Thursday, March 3, 2011

This Crazy Ride Part 2!

So we reached a point where no one could touch us and then we hit a low that I could have never seen. What just happened? Is this a dream? So I stopped us only to wait for the future not because feelings had changed but more because the timing wasn't right. But then....You... did something that the man I thought I knew would never do. You have hurt me in a way I am not sure how to cope with. But yet I lay in my bed arguing with my thoughts and my heart. Because even through the thing you did to hurt me my heart still seems to want to love you... And as much as I wish I never met you. There still is no one like you... Wow... My best friend that is what you were to me.... Now we have been ordered not to talk... And when I do see you I try to not look you in the eyes... But I cant help it and I see you only wish things went different or that you could just say something. But when you look back into my eye you see the hurt and betrayal that you have caused. I want to close the book but it seems to have iron pages that refuse to turn... So I guess this means....


To be continued........

World Wind

Life is so crazy it's one thing after another. Cant seem to get my head straight. Don't know who to trust. I feel betrayed by the one I trusted the most. Feel abandoned by the one I love the most. But yet I have to wake up and walk around as if my life is fine. Wear a smile on my face although inside I am crying. How did I get here? How did I F**k up this bad? Why does the things that I know I deserve become not tangible? I'm sitting here with my insides ripped up. But tomorrow again I have to get up and wear a smile like it's all okay. Like I tell people if you only knew my story and all that I have been through.

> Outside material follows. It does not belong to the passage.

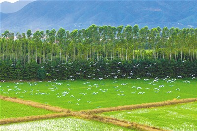 8月27日,江西省赣州市大余县黄龙镇大合村,一群白鹭正怡然自乐地嬉戏、觅食,灵动的身影与周围青山绿水融为一体,构成了一幅美丽的生态画卷。

But I have nothing more than my faith that it will all get better. I hope sooner than later but God please just let the better come. I am at my lowest of lows and the ones I should be able to count on now are not there in the ways I need them to be. But in the end there is God and yet he has never failed me. When I think HE has forgotten me HE will step in right when I am ready to tap out!!! Well God I'm almost to that point so please hear my cry....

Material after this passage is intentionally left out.